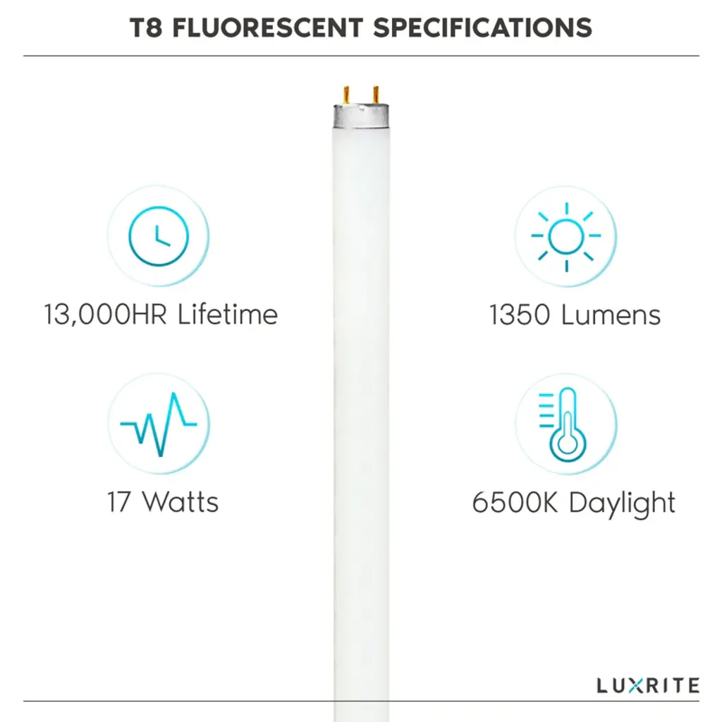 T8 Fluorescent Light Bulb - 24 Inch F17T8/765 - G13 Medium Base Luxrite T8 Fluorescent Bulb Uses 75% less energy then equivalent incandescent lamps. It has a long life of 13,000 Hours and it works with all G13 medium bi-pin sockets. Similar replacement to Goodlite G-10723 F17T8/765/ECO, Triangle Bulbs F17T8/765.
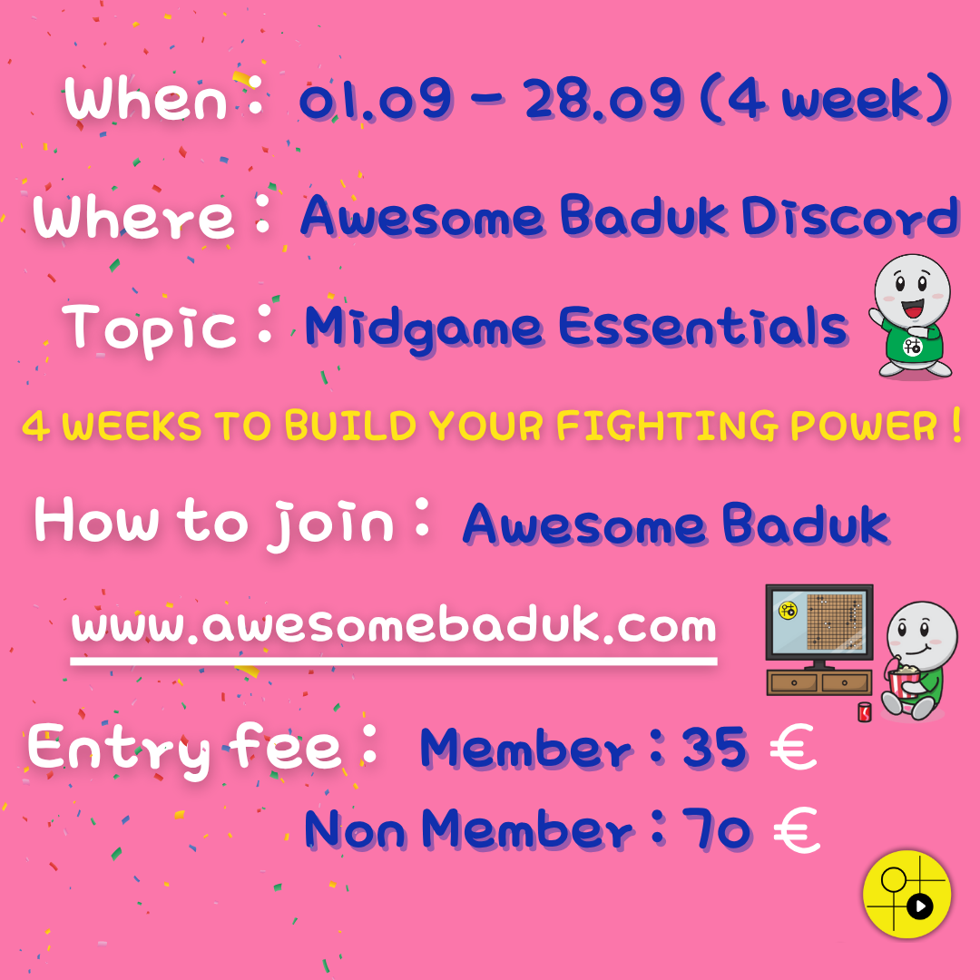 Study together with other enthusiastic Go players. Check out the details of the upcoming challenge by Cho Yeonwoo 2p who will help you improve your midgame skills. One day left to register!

........

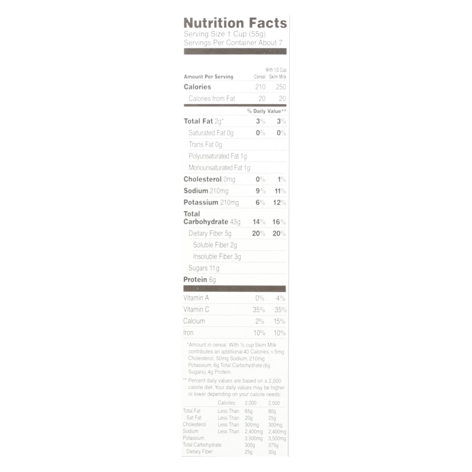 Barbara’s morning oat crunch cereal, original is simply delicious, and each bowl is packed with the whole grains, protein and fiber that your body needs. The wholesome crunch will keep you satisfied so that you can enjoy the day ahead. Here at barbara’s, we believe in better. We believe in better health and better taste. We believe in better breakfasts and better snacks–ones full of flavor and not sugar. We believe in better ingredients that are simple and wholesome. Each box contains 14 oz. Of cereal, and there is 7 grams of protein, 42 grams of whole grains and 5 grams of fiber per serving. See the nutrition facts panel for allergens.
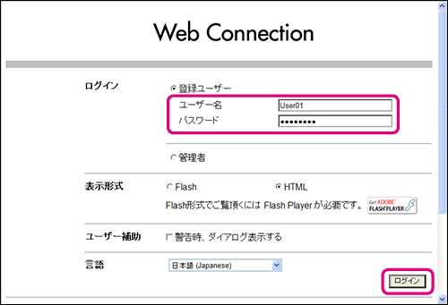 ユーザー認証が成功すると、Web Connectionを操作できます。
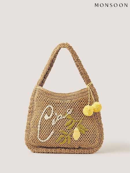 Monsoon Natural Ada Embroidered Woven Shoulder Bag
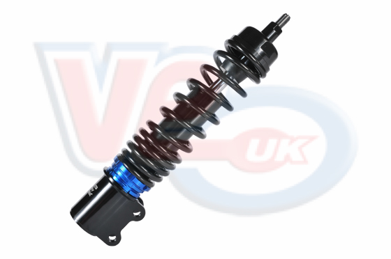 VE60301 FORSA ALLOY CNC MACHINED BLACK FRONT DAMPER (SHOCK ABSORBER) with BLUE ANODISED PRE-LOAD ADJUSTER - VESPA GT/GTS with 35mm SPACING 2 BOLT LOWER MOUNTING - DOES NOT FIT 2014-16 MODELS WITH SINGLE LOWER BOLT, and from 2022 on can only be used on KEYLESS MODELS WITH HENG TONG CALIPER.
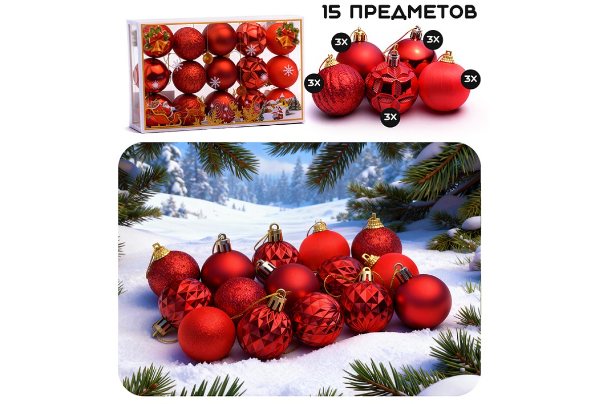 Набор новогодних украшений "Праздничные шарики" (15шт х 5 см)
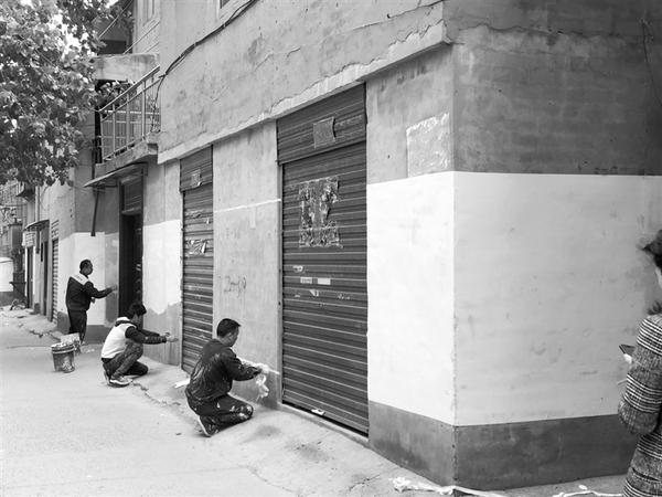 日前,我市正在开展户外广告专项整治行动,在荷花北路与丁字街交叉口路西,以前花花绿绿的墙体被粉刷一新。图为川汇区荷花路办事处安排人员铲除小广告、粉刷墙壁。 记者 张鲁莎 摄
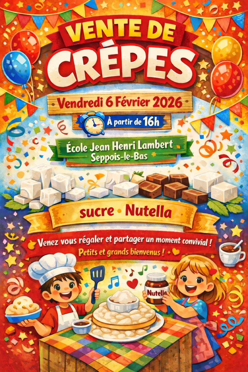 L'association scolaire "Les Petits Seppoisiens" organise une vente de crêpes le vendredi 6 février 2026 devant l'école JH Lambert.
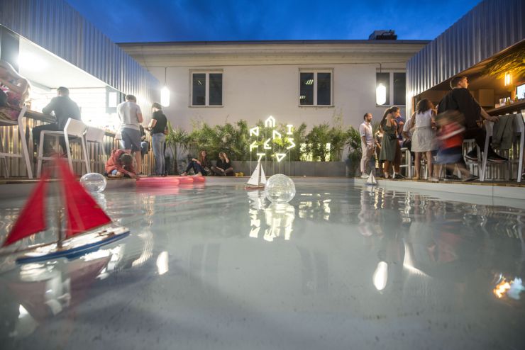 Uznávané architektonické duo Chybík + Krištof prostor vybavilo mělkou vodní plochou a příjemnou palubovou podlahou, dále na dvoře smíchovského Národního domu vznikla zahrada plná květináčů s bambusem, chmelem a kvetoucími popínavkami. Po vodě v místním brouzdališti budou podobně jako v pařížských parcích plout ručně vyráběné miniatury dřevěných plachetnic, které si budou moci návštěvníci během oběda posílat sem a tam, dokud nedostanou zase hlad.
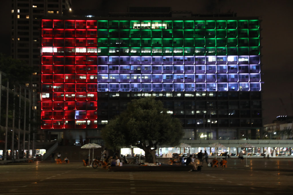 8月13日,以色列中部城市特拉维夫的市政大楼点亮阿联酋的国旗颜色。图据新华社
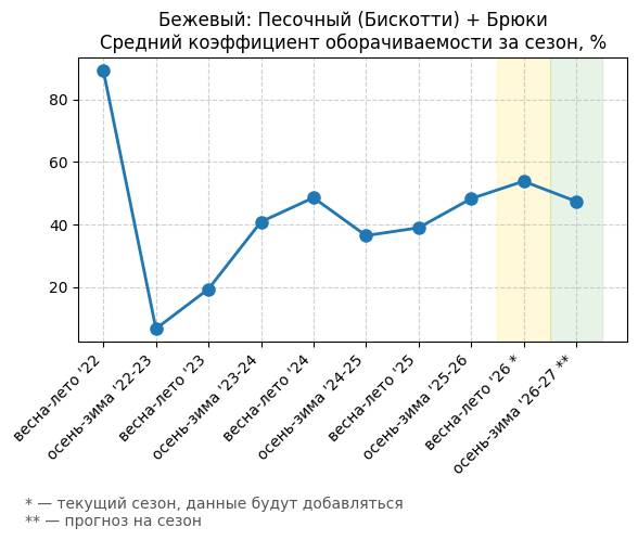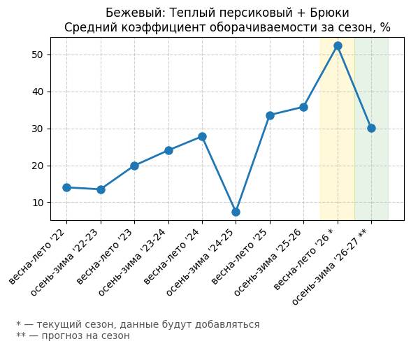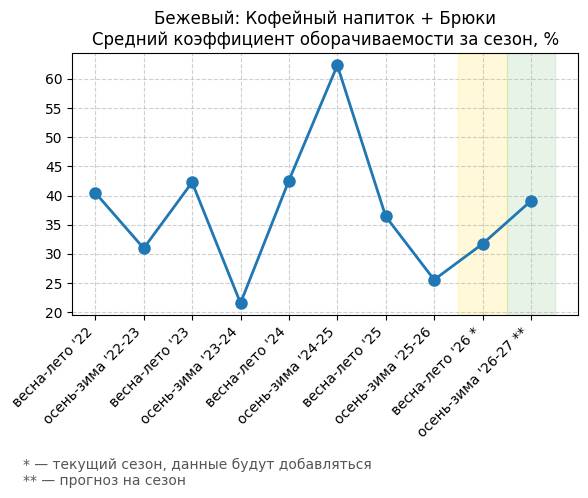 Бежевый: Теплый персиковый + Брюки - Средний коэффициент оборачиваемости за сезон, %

........

The problem – Only the lines above from the one with "T8 Fluorescent Light" to the one with "Study together with" should be printed, both included and exactly as written; no picture belongs in the copy.

Response to this task –
 T8 Fluorescent Light Bulb - 24 Inch F17T8/765 - G13 Medium Base Luxrite T8 Fluorescent Bulb Uses 75% less energy then equivalent incandescent lamps. It has a long life of 13,000 Hours and it works with all G13 medium bi-pin sockets. Similar replacement to Goodlite G-10723 F17T8/765/ECO, Triangle Bulbs F17T8/765.
 Study together with other enthusiastic Go players. Check out the details of the upcoming challenge by Cho Yeonwoo 2p who will help you improve your midgame skills. One day left to register!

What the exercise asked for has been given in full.